- Opening Delimiter -
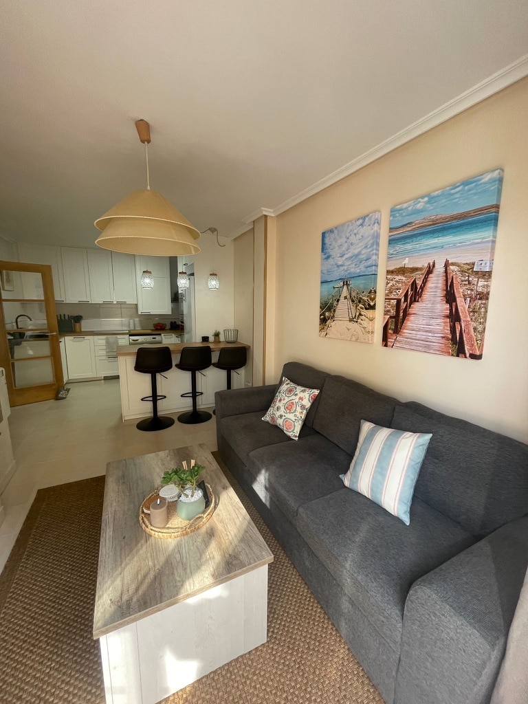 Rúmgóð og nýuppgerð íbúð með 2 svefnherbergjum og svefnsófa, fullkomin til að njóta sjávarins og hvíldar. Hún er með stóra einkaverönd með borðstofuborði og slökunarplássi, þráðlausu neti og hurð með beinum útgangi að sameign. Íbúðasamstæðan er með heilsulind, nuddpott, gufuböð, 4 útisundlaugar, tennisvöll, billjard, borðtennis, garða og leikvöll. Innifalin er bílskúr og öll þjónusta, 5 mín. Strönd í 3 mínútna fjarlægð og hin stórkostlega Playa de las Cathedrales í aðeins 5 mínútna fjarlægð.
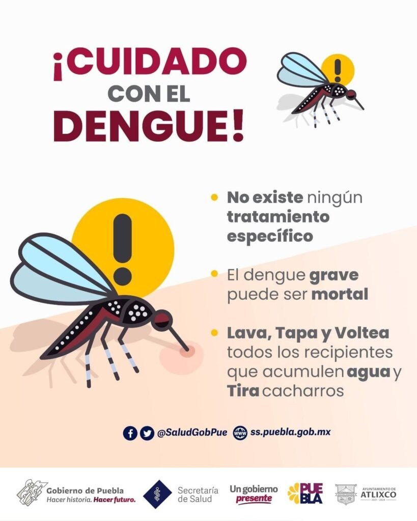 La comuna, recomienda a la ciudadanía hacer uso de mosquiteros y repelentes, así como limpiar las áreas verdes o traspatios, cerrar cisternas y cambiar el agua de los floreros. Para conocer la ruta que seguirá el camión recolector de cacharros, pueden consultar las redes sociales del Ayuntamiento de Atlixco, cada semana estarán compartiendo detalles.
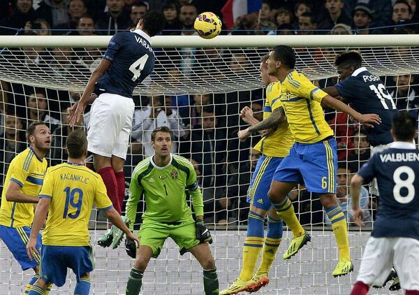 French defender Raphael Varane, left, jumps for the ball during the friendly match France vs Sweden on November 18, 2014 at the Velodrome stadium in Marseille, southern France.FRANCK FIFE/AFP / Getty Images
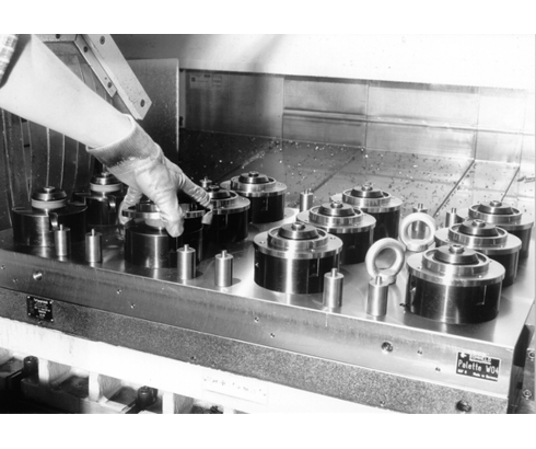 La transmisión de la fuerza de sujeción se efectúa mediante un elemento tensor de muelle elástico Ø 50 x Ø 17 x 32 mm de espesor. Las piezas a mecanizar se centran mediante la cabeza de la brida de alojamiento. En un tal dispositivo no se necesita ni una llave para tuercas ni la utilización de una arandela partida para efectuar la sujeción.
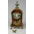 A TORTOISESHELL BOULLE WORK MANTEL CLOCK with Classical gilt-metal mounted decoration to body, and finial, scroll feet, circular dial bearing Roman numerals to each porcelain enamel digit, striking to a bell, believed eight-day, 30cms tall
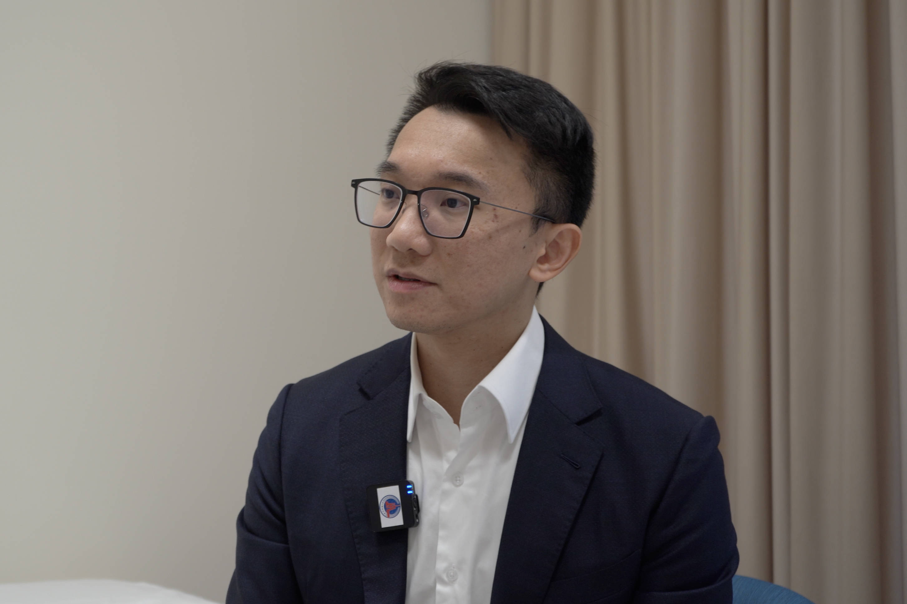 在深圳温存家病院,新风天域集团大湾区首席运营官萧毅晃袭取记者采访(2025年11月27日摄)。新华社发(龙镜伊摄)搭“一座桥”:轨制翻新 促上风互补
- Closing Delimiter -
- Opening Delimiter -
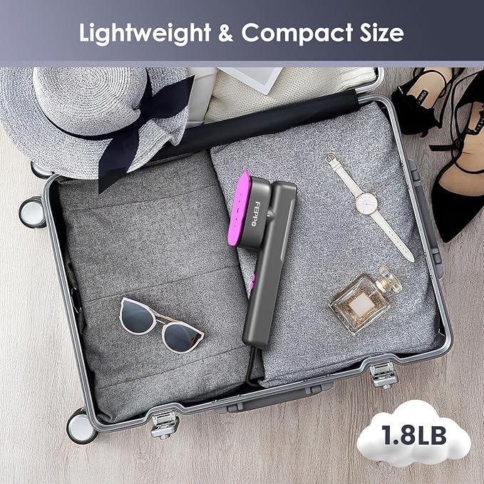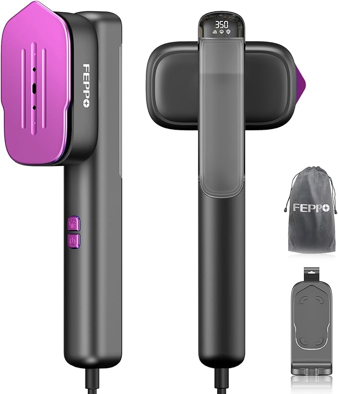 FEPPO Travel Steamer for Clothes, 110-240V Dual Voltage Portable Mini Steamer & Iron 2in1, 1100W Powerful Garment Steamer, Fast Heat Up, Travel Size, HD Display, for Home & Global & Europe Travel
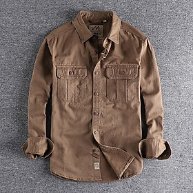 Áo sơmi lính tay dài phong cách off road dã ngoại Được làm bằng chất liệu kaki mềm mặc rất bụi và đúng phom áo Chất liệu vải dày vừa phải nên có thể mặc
- Closing Delimiter -
- Opening Delimiter -
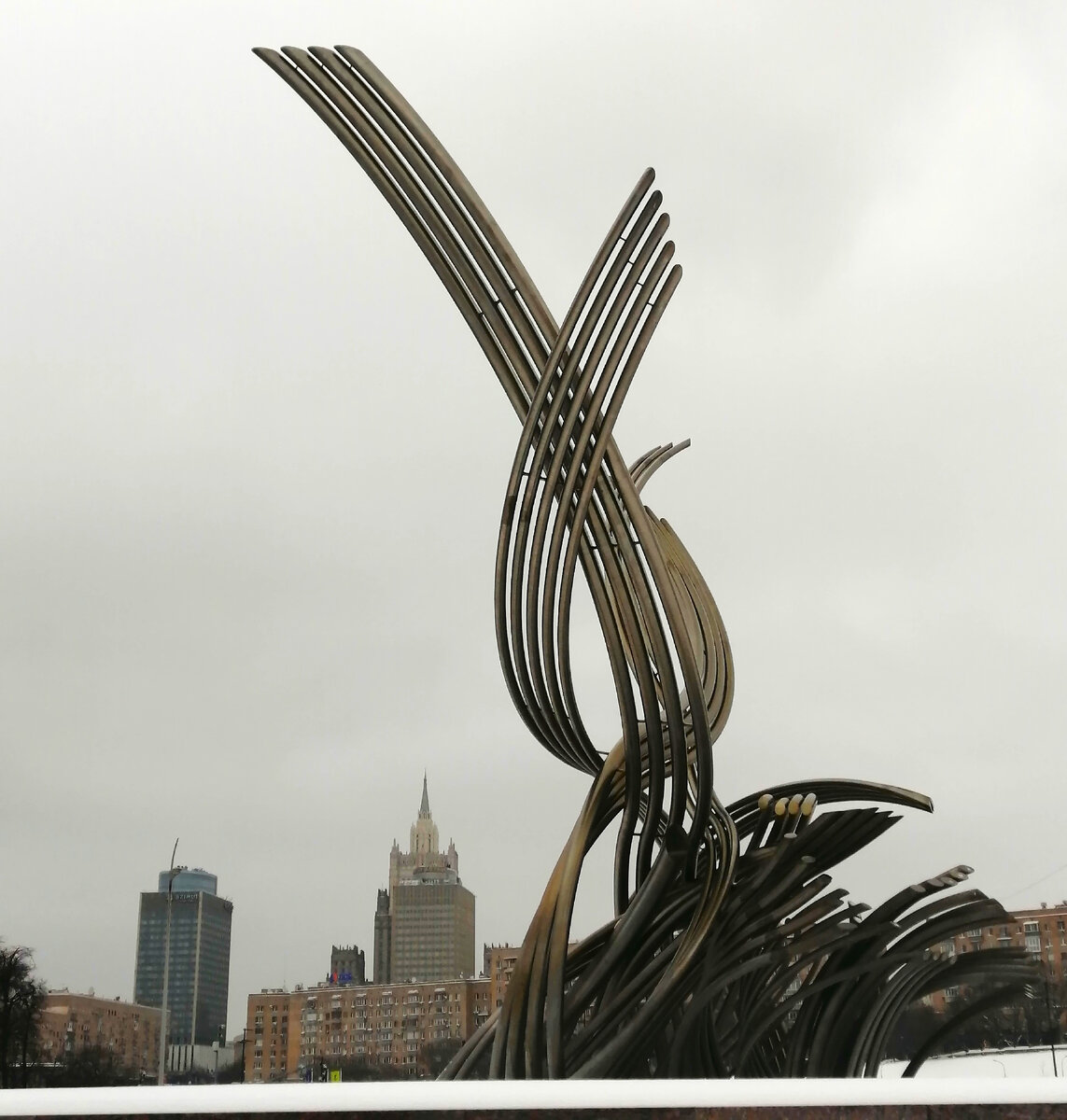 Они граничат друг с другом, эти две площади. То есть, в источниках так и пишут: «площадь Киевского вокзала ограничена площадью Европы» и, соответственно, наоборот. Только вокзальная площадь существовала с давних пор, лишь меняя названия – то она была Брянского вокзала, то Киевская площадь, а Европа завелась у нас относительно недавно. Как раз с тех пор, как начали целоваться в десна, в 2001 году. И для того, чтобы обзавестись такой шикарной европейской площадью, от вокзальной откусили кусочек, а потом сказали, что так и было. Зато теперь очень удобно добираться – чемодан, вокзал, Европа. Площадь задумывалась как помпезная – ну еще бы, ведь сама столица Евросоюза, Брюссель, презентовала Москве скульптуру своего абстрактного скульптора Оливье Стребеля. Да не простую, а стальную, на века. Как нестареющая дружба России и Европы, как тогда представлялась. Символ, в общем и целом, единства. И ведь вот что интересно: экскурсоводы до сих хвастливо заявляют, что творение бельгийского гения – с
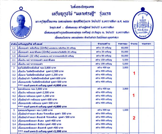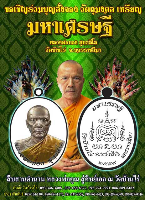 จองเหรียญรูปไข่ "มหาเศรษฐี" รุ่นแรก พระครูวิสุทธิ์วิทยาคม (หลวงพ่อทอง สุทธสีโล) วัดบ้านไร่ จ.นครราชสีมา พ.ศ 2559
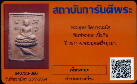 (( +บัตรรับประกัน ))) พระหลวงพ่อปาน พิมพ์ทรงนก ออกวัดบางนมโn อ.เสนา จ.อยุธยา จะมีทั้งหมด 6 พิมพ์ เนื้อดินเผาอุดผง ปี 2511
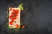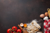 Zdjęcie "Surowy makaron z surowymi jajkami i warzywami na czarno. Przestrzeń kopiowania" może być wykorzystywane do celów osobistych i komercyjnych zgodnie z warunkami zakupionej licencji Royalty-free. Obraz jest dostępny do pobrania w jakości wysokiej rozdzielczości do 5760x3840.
- Closing Delimiter -
Problem to solve: After locating the line containing "จ.นครราชสีมา พ.ศ 2559" in the entries above, return it and every line after it exactly, ending at the line containing "rozdzielczości do 5760x3840.", without pictures.

Exercise result:
 จองเหรียญรูปไข่ "มหาเศรษฐี" รุ่นแรก พระครูวิสุทธิ์วิทยาคม (หลวงพ่อทอง สุทธสีโล) วัดบ้านไร่ จ.นครราชสีมา พ.ศ 2559
 (( +บัตรรับประกัน ))) พระหลวงพ่อปาน พิมพ์ทรงนก ออกวัดบางนมโn อ.เสนา จ.อยุธยา จะมีทั้งหมด 6 พิมพ์ เนื้อดินเผาอุดผง ปี 2511
 Zdjęcie "Surowy makaron z surowymi jajkami i warzywami na czarno. Przestrzeń kopiowania" może być wykorzystywane do celów osobistych i komercyjnych zgodnie z warunkami zakupionej licencji Royalty-free. Obraz jest dostępny do pobrania w jakości wysokiej rozdzielczości do 5760x3840.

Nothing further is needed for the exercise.